Huddersfield Town
- Chairman: Stanley Kinder Garrick Graham
- Manager: Ian Greaves
- Stadium: Leeds Road
- Football League Third Division: 10th
- FA Cup: Second round (eliminated by Chester)
- Football League Cup: First round (eliminated by York City)
- Top goalscorer: League: Alan Gowling (24) All: Alan Gowling (25)
- Highest home attendance: 11,514 vs Halifax Town (26 December 1973)
- Lowest home attendance: 2,522 vs Wrexham (24 April 1974)
- Biggest win: 5–0 vs Rochdale (23 February 1974)
- Biggest defeat: 0–6 vs Oldham Athletic (20 April 1974)
- ← 1972–731974–75 →

= 1973–74 Huddersfield Town A.F.C. season =

Huddersfield Town's 1973–74 campaign was a season of new beginnings for Huddersfield Town as they experienced life in the 3rd Division for the first time. The season was not spectacular as Town finished in 10th place, behind fellow West Yorkshire club Halifax Town. At the end of the season, Ian Greaves resigned after 6 years as manager. The alarming slide down the Football League was temporarily halted, but the following season would see Town continue their perilous freefall to the basement of the Football League.

==Squad at the start of the season==

| Pos. | Nation | Player |
|---|---|---|
| GK | ENG | Terry Poole |
| GK | ENG | Dick Taylor |
| DF | ENG | Dennis Clarke |
| DF | ENG | Paul Garner |
| DF | ENG | Geoff Hutt |
| DF | ENG | Dave Lyon |
| DF | ENG | Brian Marshall |
| DF | ENG | Grahame McGifford |
| DF | ENG | John Saunders |
| MF | ENG | Les Chapman |
| MF | ENG | Terry Dolan |
| MF | ENG | Bobby Hoy |

| Pos. | Nation | Player |
|---|---|---|
| MF | NIR | Jimmy Nicholson |
| MF | ENG | Graham Pugh |
| MF | ENG | Paul Smith |
| MF | ENG | Steve Smith |
| FW | ENG | John Dungworth |
| FW | IRL | Mick Fairclough |
| FW | ENG | Alan Gowling |
| FW | ENG | Terry Gray |
| FW | WAL | Dick Krzywicki |
| FW | ENG | Jimmy Lawson |
| FW | ENG | Dave Smith |
| FW | ENG | Phil Summerill |

==Review==
Following Town's second relegation in 2 seasons, Town had reached a division not seen by any previous Town team in their history.

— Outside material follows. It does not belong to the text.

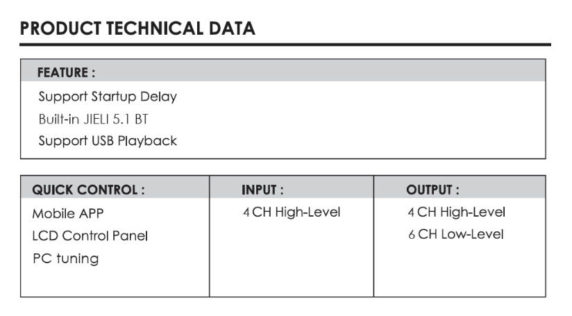 • Utgångar: 6-kanals lågnivå (RCA), förstärkareffekt 4 x 50W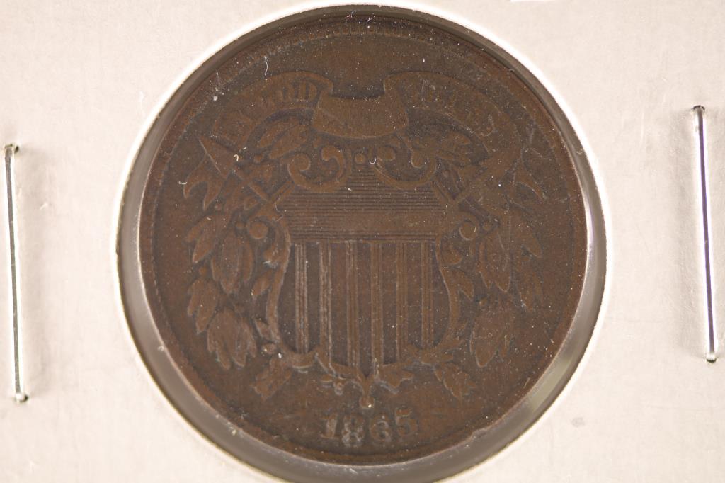 Sold1865 TWO-CENT COIN1865 TWO-CENT COIN ~ U.S. 2 CENT COIN DATED 1865. MARKED FINE + (GRADE HAS NOT BEEN VERIFIED). MOST OF THE WEAR AROUND THE MOTTO. IN PLASTIC SLEEVE.See Sold Price

Town would visit 13 grounds for the first time in league football, although 4 of them had hosted Town in cup matches before. Town's start to the season was pretty mediocre with Town drawing 6 of their opening 12 games, losing only 2 of them, but it was a far cry from 1st Division football they were playing just 2 seasons earlier. The previous season's top scorer, Alan Gowling, continued with his goalscoring form scoring 24 goals in the league campaign.

Town eventually finished the season in a disappointing 10th place with 47 points, 2 points behind local rivals Halifax Town. However, at the end of the season Ian Greaves resigned as manager of the side. He became Jimmy Armfield's assistant at Bolton Wanderers. The next season would see Town get even further down the league ladder, so even though Greaves had halted the slide, it was temporary, not permanent.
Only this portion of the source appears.